## Problem to solve
Output nothing but the lines from the one holding "今年的QS世界大學(xué)排行榜共有58所中國內(nèi)地高校上榜。" to the end of the listing. Reproduce them exactly, without the pictures.

## Dataset extract
########################################
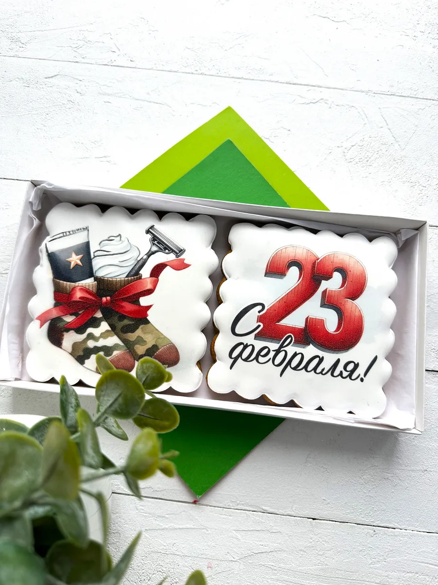 Подарочный набор имбирных пряников на 23 февраля - это сладкий подарок для мужчин. Идеальный вариант для корпоративного подарка сотрудникам на работе. Наши медовые пряники в глазури невероятно ароматные. Вкусный бокс и оригинальный сладкий набор - именно то, что нужно, если вы не знаете, какой сделать подарок мужчинам на День защитника Отечества. Подойдет для подарка другу, или парню, коллеге, брату, мужу, дедушке, учителю, преподавателю, начальнику, директору. Глазированные пряники имеют натуральный состав и изготовлены нашими кондитерами вручную. Каждый пряник упакован в индивидуальный герметичный пакет, что гарантирует его свежесть. Продукт сертифицирован.
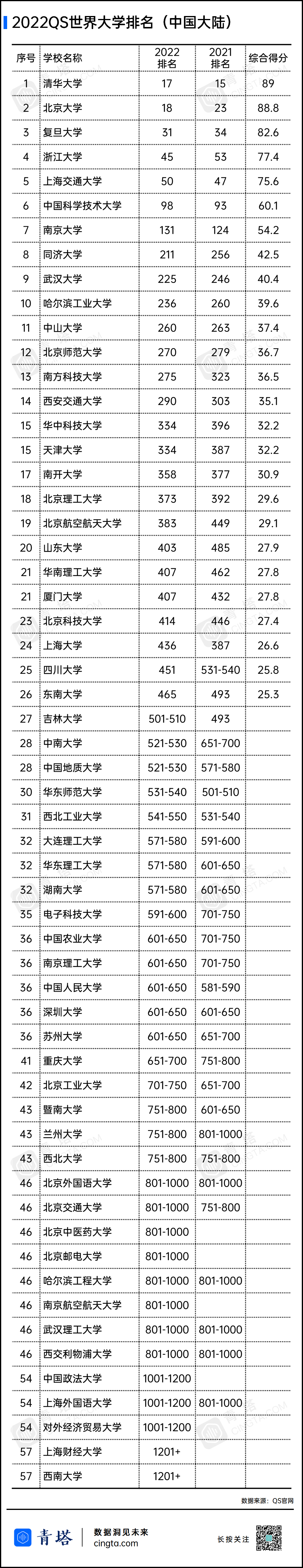 今年的QS世界大學(xué)排行榜共有58所中國內(nèi)地高校上榜。
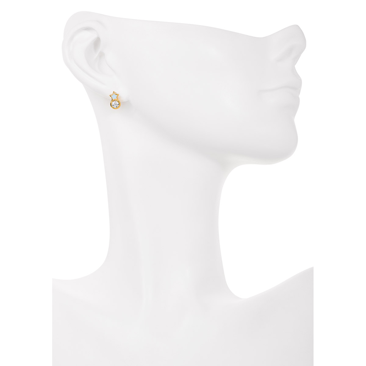 ARETES CON POSTE EN BAÑO DE ORO CON PIEDRA EN TONO CRISTAL Y PINTURA EN TONO AMARILLO
########################################
## Written answer
 今年的QS世界大學(xué)排行榜共有58所中國內(nèi)地高校上榜。
 ARETES CON POSTE EN BAÑO DE ORO CON PIEDRA EN TONO CRISTAL Y PINTURA EN TONO AMARILLO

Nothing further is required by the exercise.